2. The method of claim 1, wherein the user defined function portion specifies the data to be retrieved from the database and comprises parameters identifying the external analytic engine.

3. The method of claim 1, wherein the query comprises an additional portion comprising additional operations to be performed by the query engine, the method further comprising:

executing the additional portion by performing the additional operations on the analytic results received from the external analytic engine.

4. The method of claim 3, wherein the additional operations comprise joining the analytic results received from the external analytic engine with data from the database.

5. The method of claim 1, wherein the retrieved data and instructions are sent to the external analytic engine via a user defined function module of the query engine.

6. The method of claim 1, wherein the retrieved data is converted into a format required by the external analytic engine.

7. A system comprising:

a database;

a query engine to execute a query comprising a user defined function defining an analytic operation to be performed by an external analytic engine; and

a communication interface;

the query engine to execute the query over the database by (1) retrieving data from the database according to the query and (2) sending the data and instructions to perform the analytic operation to the external analytic engine via the communication interface,

the communication interface to receive analytic results from the external analytic engine.

8. The system of claim 7, wherein the database is a relational database, the query is written in Structured Query Language (SQL), and the instructions to the external analytic engine are written in a language other than SQL.

9. The system of claim 8, further comprising a user interface to receive query input from a user in SQL.

10. The system of claim 9, wherein the user defined function is executed transparently to the user in that the user does not interface with the external analytic engine.

11. The system of claim 7, wherein the query engine is configured to package the data and instructions in a format understandable by the external analytic engine.

12. The system of claim 7, wherein the query engine is configured to transform the analytic results received from the external analytic engine into a format understandable by the query engine.

13. The system of claim 7, wherein the analytic operation defined by the user defined function is implemented at least in part by at least one native function of the external analytic engine.

14. The system of claim 7, wherein the analytic operation defined by the user defined function is implemented at least in part by a workflow including at least one native function of the external analytic engine and additional functional logic not native to the external analytic engine.
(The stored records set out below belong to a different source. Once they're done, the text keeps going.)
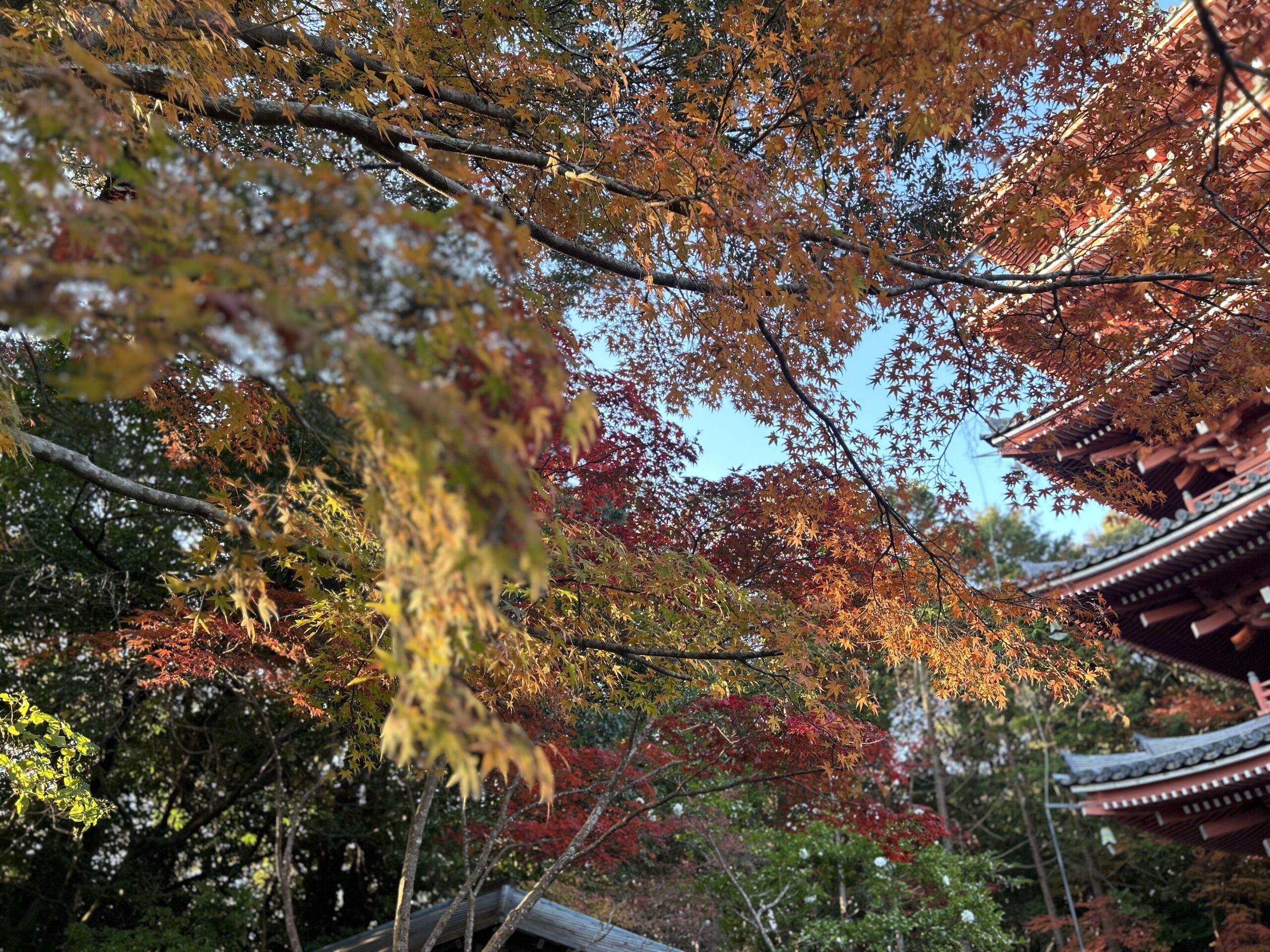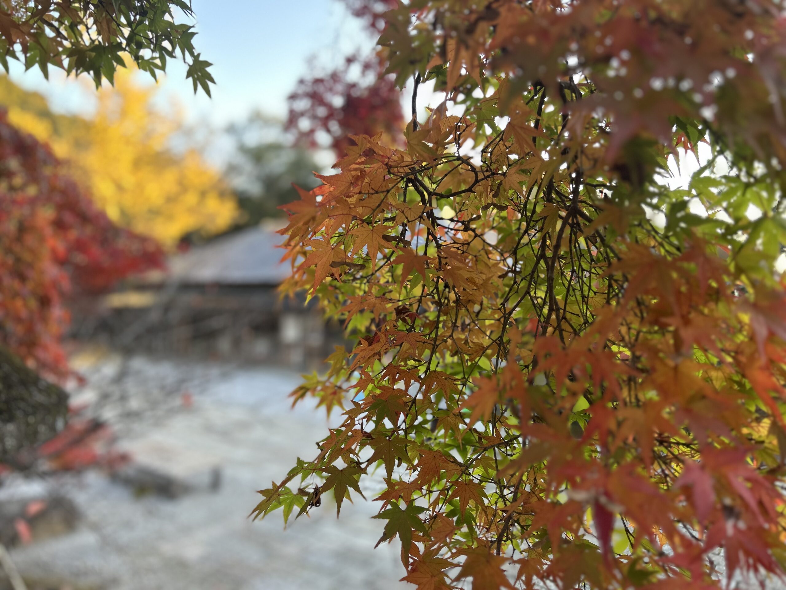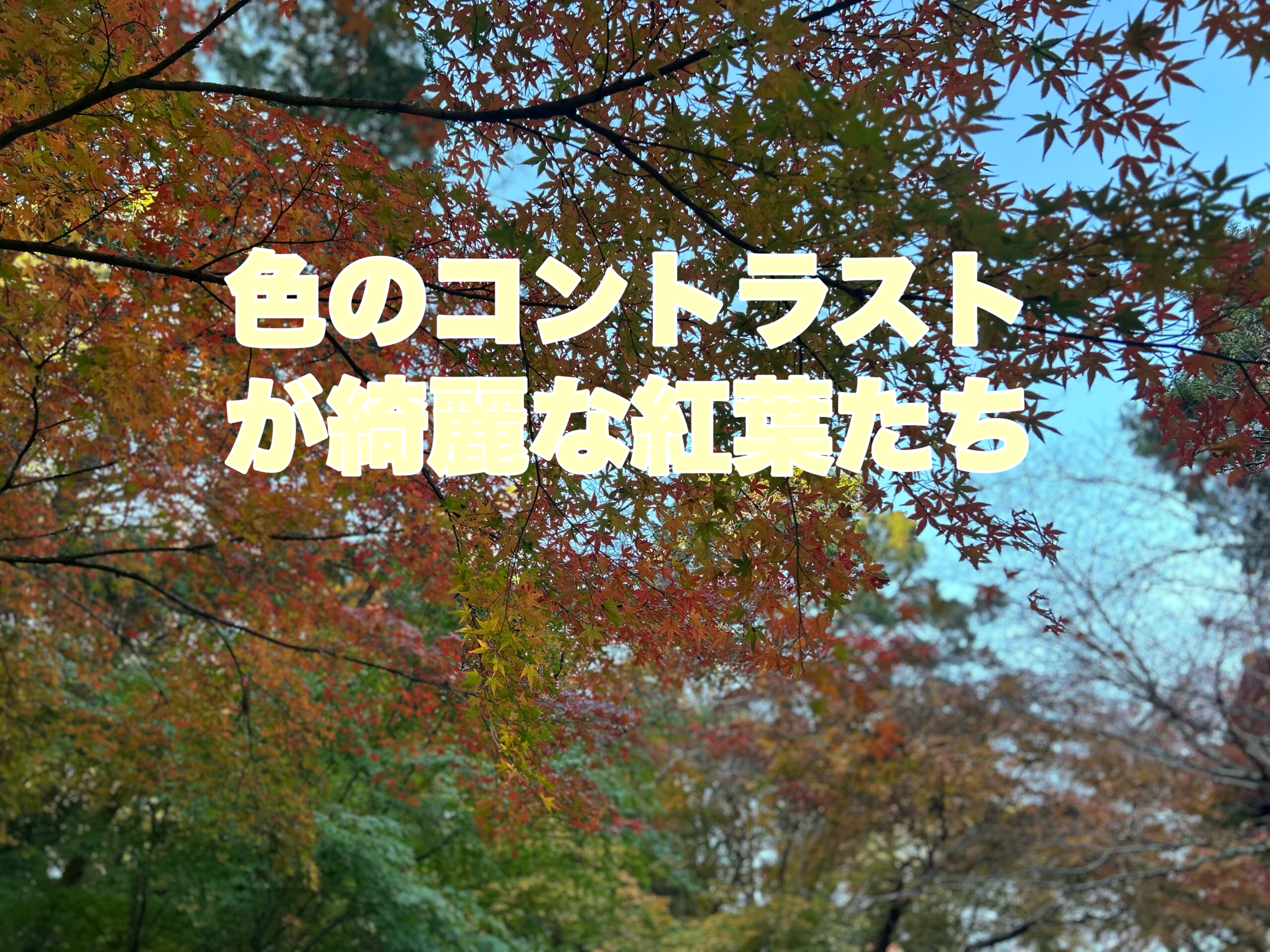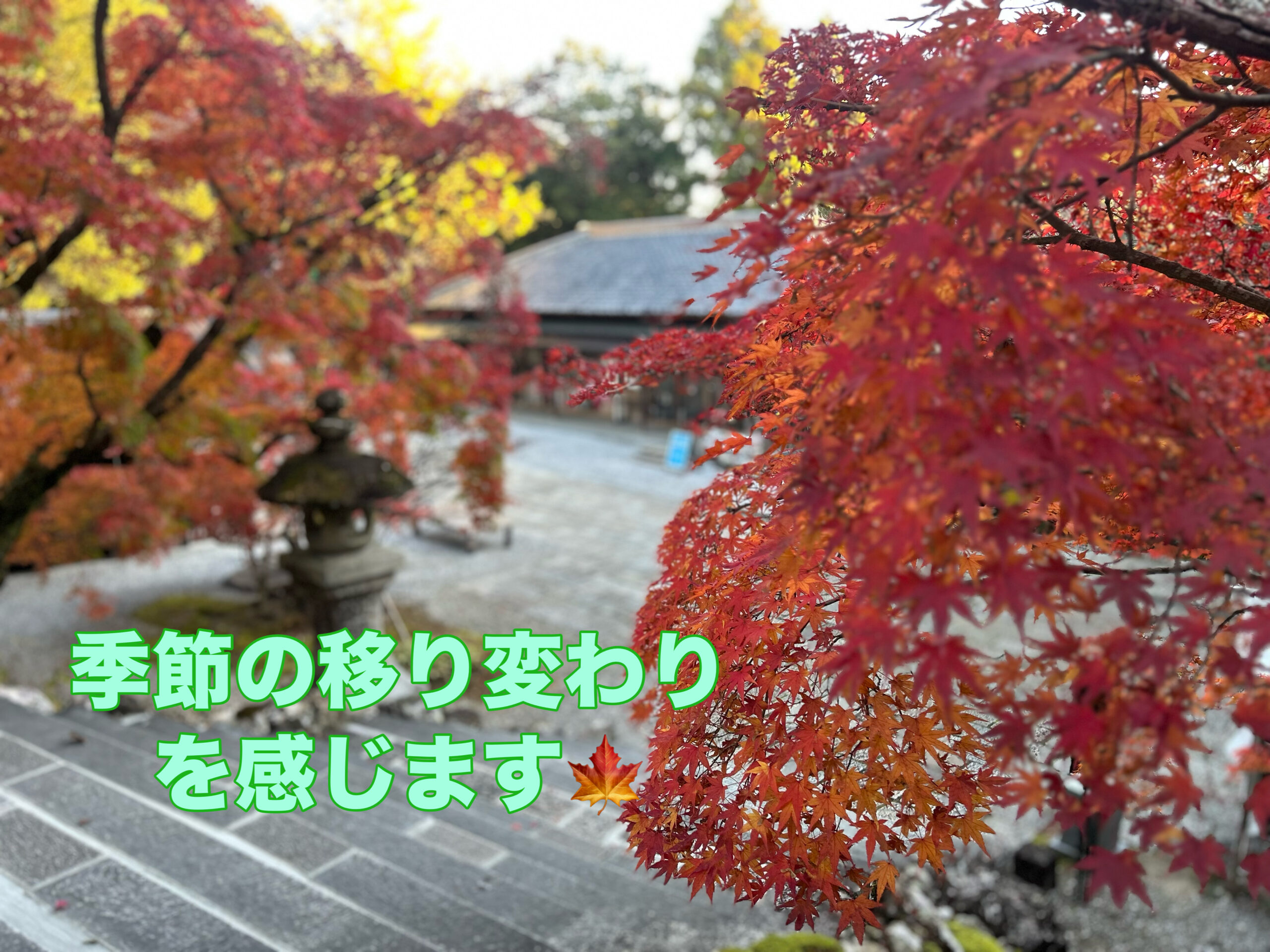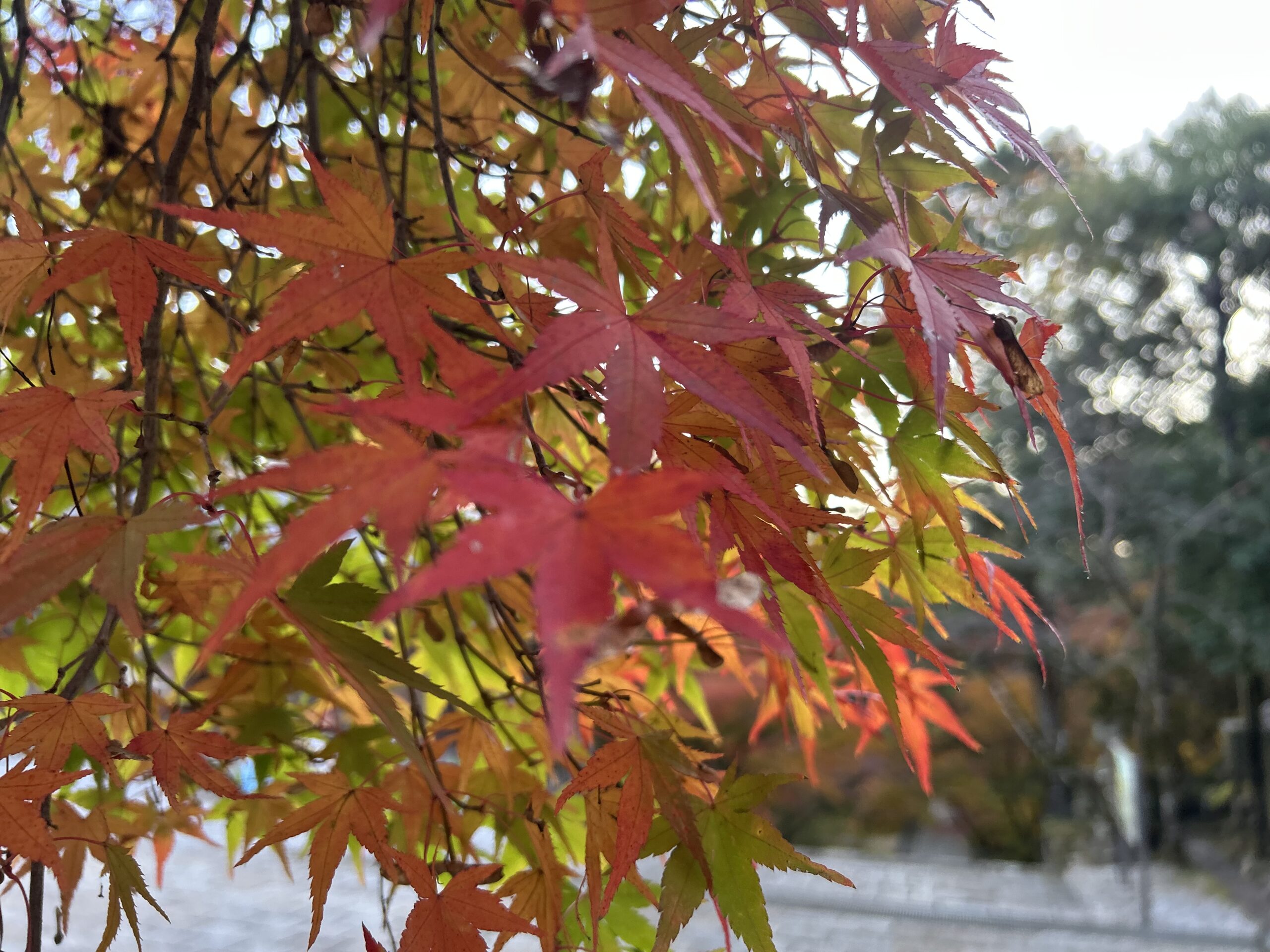 先月から随分と色づく、季節の移ろいを感じます。胃腸の葉っぱが絨毯のように敷き見られ、紅葉も赤や、黄色、緑と彩りの変化に美しさを感じます。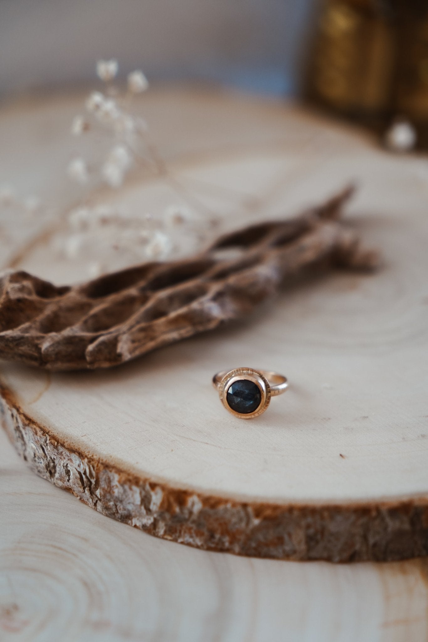 We've loved working with 14k gold-fill in recent collections and were so excited when you guys asked for more! Well, here you go. This dainty 14k gold-fill ring with hand stamped sun rays has us drooling. Add in these gorgeous, faceted Kyanite stones and this one truly has all the vibes- watch it shimmer in the natural light!
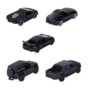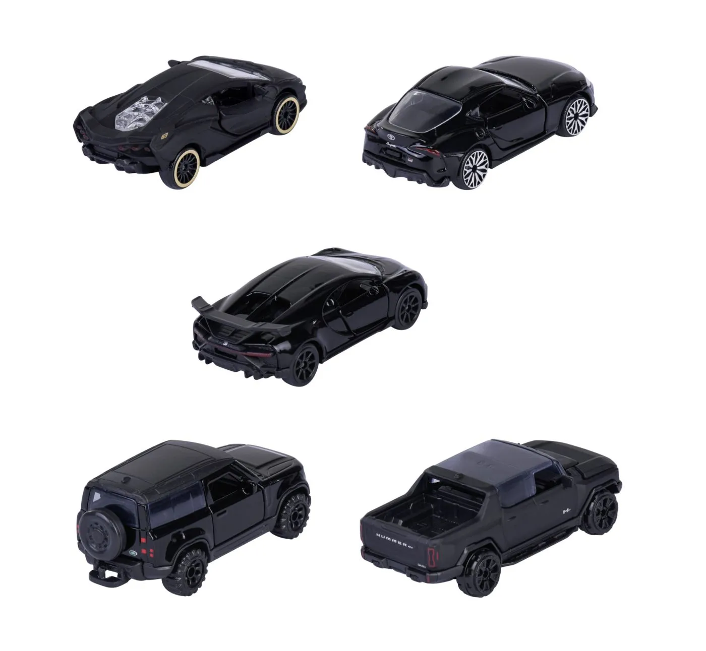 Majorette Car Set Black Edition (5 masini) – 5 masini model din metal negru cu roata libera, suspensie si deschidere, masini de jucarie pentru colectionari si copii de la 3 ani si peste, fiecare 7,5 cm. Setul cadou combina 5 masini metalice licentiate 1. Bugatti Chiron Pur Sport, 2. Lamborghini Si&aacuten FKP 37, 3. Toyota GR Supra, 4. Land Rover Defender 90 si 5. GMC Hummer EV.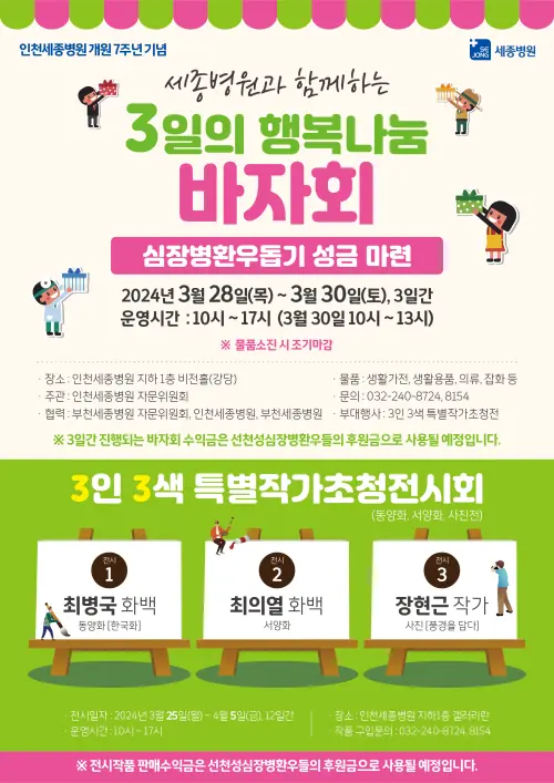 인천세종병원(병원장 오병희)은 개원 7주년을 맞아 심장병 환우 돕기 성금 마련을 위한 바자회, 전시회 등 다채로운 후원 행사를 진행한다.

15. The system of claim 14, the query engine comprising a UDF module to process the user defined function,

the instructions to perform the analytic operation comprising instructions to perform the at least one native function of the external analytic engine,

the UDF module to send the data and instructions to perform the analytic operation to the external analytic engine via the communication interface, and

the UDF module to execute the additional functional logic not native to the external analytic engine.

16. A non-transitory computer-readable storage medium storing instructions for execution by a query engine associated with a database, the instructions when executed causing the query engine to:

receive a query comprising a user defined function, the user defined function comprising a request for analytics by an external analytic engine;

access data from the database in accordance with the query;

generate instructions to perform the requested analytics in a format understandable by the external analytic engine;

send the data and instructions to the external analytic engine; and

receive analytic results from the external analytic engine in response to the instructions.